The relationship between interest rates and exchange rates
 
In addition to stimulating the economy by facilitating borrowing and investment, low-interest rates serve another purpose -- one that dovetails neatly with President Trump’s rhetoric on the economy and trade.
 
As a candidate for president, Trump emphasized revitalizing the U.S. manufacturing sector and eliminating the chronic trade deficit between the U.S. and China. Low-interest rates essentially mean the availability of “cheap money” and weaken the dollar relative to foreign currencies. A weakened dollar gives U.S. exporters an advantage over international rivals whose products are denominated in foreign currencies.
 
Provided imports remain steady as demand for U.S. exports increases due to the weaker dollar, the trade deficit should narrow. While this applies to the U.S. trade deficit, China -- which maintains by far the largest trade surplus with the U.S. -- is the target of this economic strategy.
 
The downside of low interest rates
 
While lowering interest rates benefits some U.S. economy sectors -- namely exporters -- and fosters growth, the strategy does carry downsides. Low interest rates and a consequently weaker dollar decrease the return on dollar denominated assets. This, in turn, can lead to foreign investors drawing down their dollar reserves held by the Federal Reserve. This is precisely what happened in September 2019.
 
Straining under significant liquidity stresses this year, the repo market was hit by a widespread retreat of foreign investors chasing higher returns outside dollar-denominated investments. As foreign investors drew down their reserves held by the Fed, the supply of available dollars in the repo market contracted.

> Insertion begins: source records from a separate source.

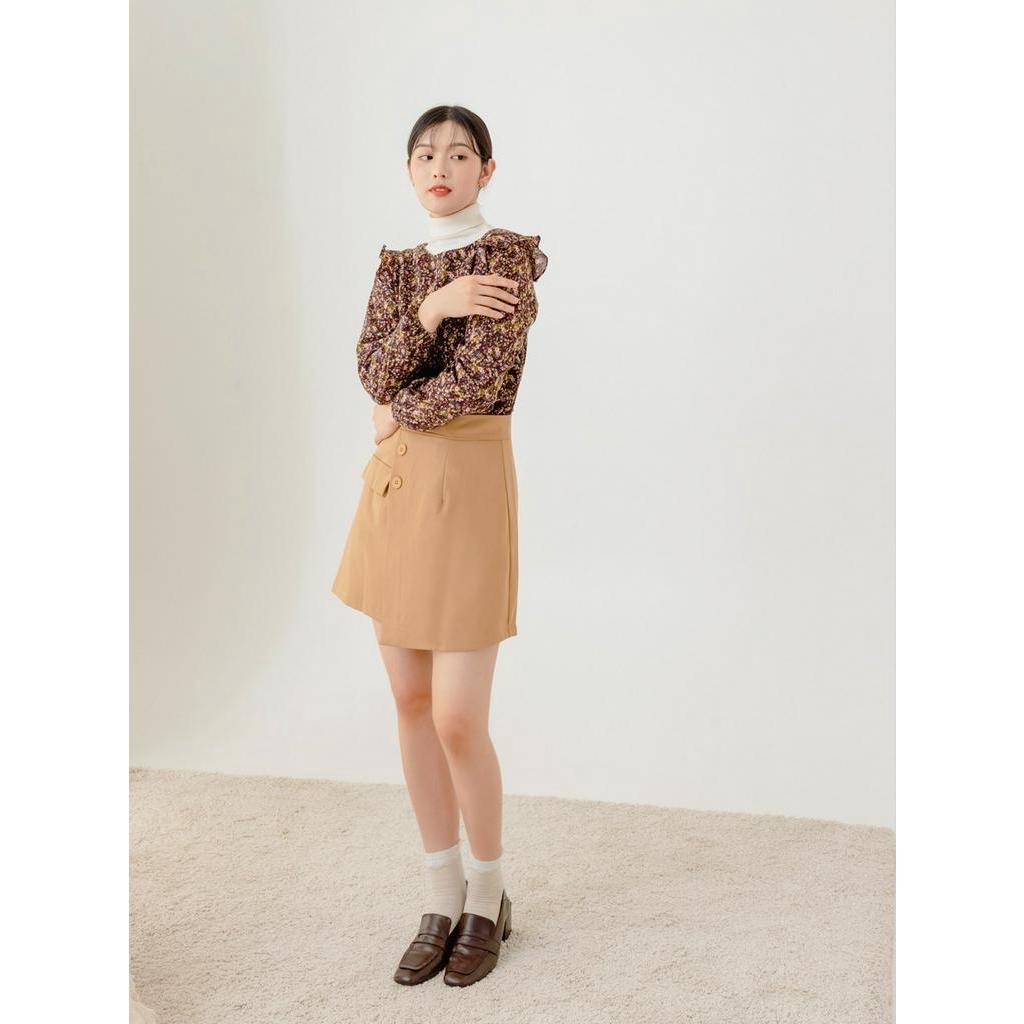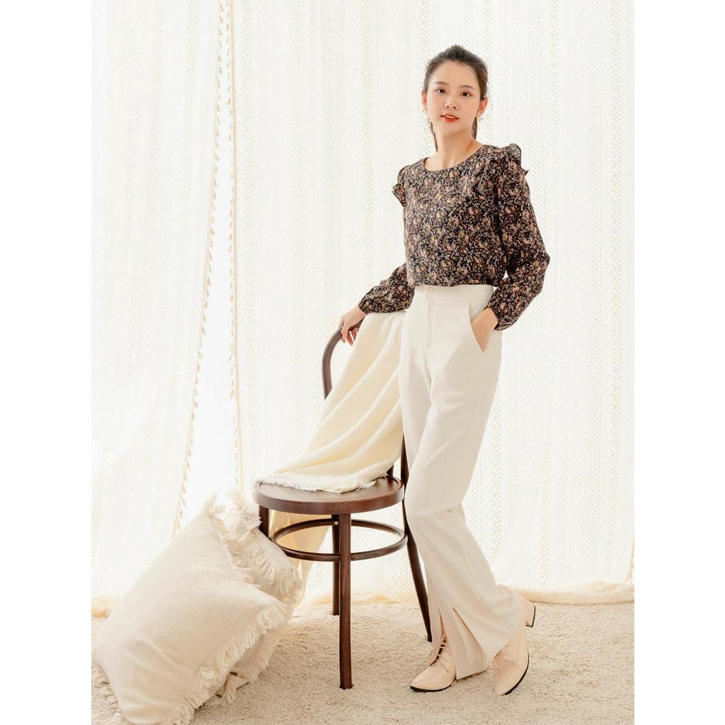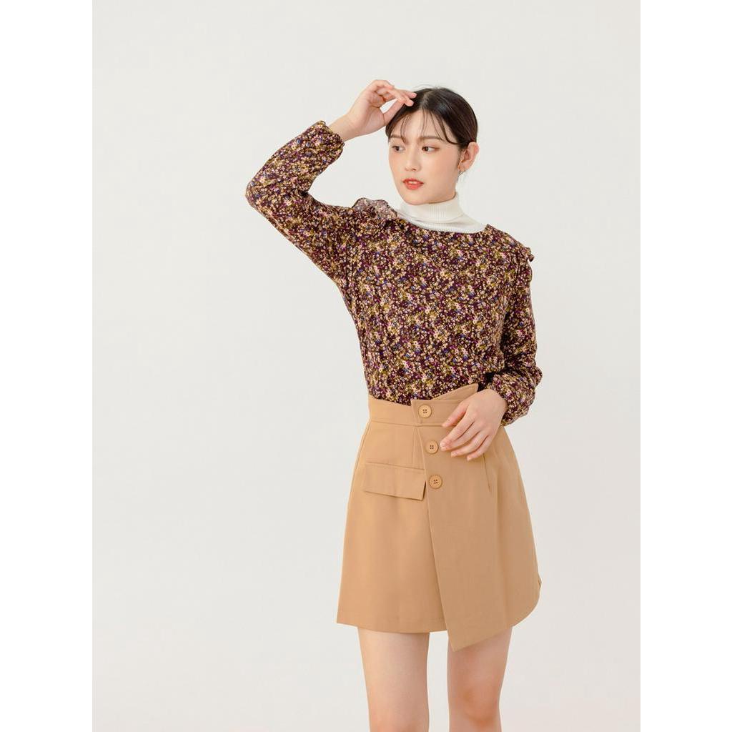 OB嚴選 古典油畫碎花荷葉拼接長袖上衣 《AB16457》大尺碼/現貨/女裝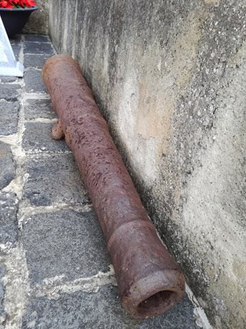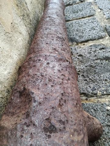 “Il cannone giace veramente sulla pavimentazione esterna del cortile del Castello Ruffo, esposto alle intemperie senza nessun riguardo, arrugginito e senza alcuna traccia di operazioni di recupero o conservazione, visibilmente danneggiato e abbandonato come un rifiuto. A lato , due specie di supporti che realmente ricordano due lapidi, presumibilmente di pietra, che sicuramente sono stati progettati per accogliere la vetusta arma. Il Comitato “Piazza San Rocco” ha iniziato a raccogliere documentazione sull’arma , anche per aver una minima idea della sua storia e aver un idea di come fosse in origine; non essendo né esperti né archeologi, hanno iniziato le ricerche per puro spirito di conoscenza e formulato delle ipotesi dopo una veloce ricerca; l’ arma , in pessimo stato di conservazione, sembrerebbe essere un cannone o meglio Colubrina, ovvero una tipologia di cannone che ha un maggiore rapporto di lunghezza rispetto al calibro, privilegiandola gittata e la velocità del proiettile rispetto ad un cannone classico; è lungo m 2,00 e con calibro di circa 8 cm ; è mancante un orecchione , ovvero uno dei perni che escono lateralmente consentendo la rotazione verticale; tale danneggiamento si suppone sia stata la causa all’ epoca dell’abbandono dell’arma interrandola nel sito ove è stato ritrovata. Probabilmente era in dotazione a una nave mercantile che la usava per difesa. La superficie metallica si presenta corrosa uniformemente, e costellata di piccoli crateri da corrosione”, proseguono.
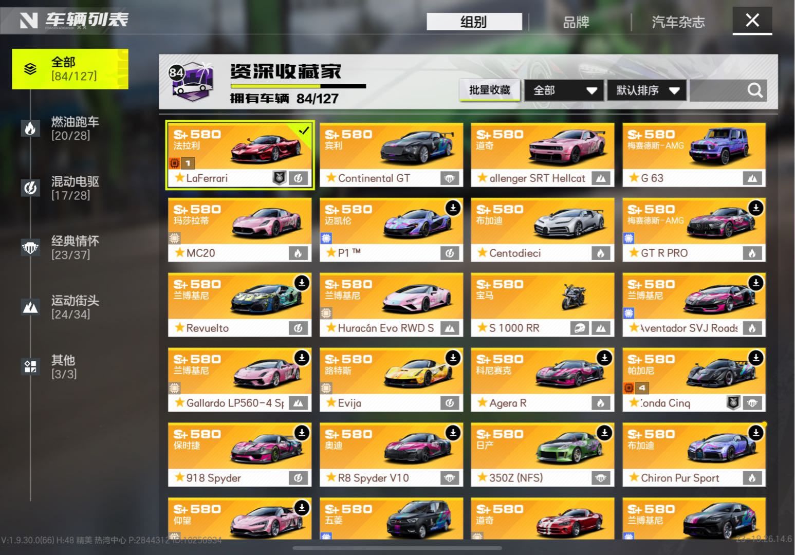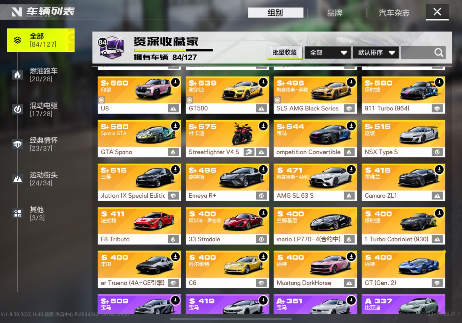 【苹果】 🔥🔥ios账号84辆车可以玩的五十多辆满级拉法ECU3阶强化

Facing a sudden shortage, rates in the repo marketed skyrocketed by 500 percent overnight on September 17th. In this way, low interest rates engender the conditions that created the sort of systemic risk that brought the global economy to its knees in 2008.
 
Looking ahead: Lack of resilience in the repo market threatens the global economy
 
The ultimate cause of the financial crisis of 2008 was the collapse of the U.S. housing bubble, which triggered a total breakdown in the market for mortgage-backed securities and derivatives that had escalated in the preceding years. However, the proximate cause -- the match that lit the fire that nearly burned down the whole global economy -- was the liquidity shock in the U.S. repo market.
 
The collapse in housing prices left U.S. financial institutions burdened with billions of dollars of suddenly defaulting mortgage-backed investments. Lacking adequate financial reserves to meet their obligations, and realizing that their peers were all overexposed to the U.S. housing market as well, the repo market seized-up essentially overnight. The global economy collapsed with it in the worst recession since the Great Depression.
 
On September 17th interest rates on short-term loans spiked to over 10 percent, more than five times the Fed’s benchmark rate. The Fed responded by lowering rates the next day and increasing their balance sheet by hundreds of billions of dollars to provide additional liquidity.
 
Several factors played a role in this sudden market shock. Anticipating the rapidly approaching end of fiscal year 2019 on September 30th — and tax bills coming due — banks were hoarding their cash reserves, removing liquidity from the market as a whole. Simultaneously, demand for short-term loans from corporations trying to meet their own tax bills increased.
 
Usually the market is able to handle this short-term pressure without a crisis of the sort witnessed in September. However, an exogenous shock — a shortage of available dollars in overseas markets as foreign investors drew down their dollar holdings — combined with this routine seasonal strain on the repo market to drastically and suddenly deplete liquidity.
 
That no dramatic one-off cause or unexpectedly weak economic news drove September’s shock is not a cause for relief, however. Indeed, it highlights the repo market’s vulnerability to routine market movements, which, when considered with current, persistently low interest rates, indicates the repo market remains as much of a systemic risk to the global economy as it was in 2007, pre-financial crisis.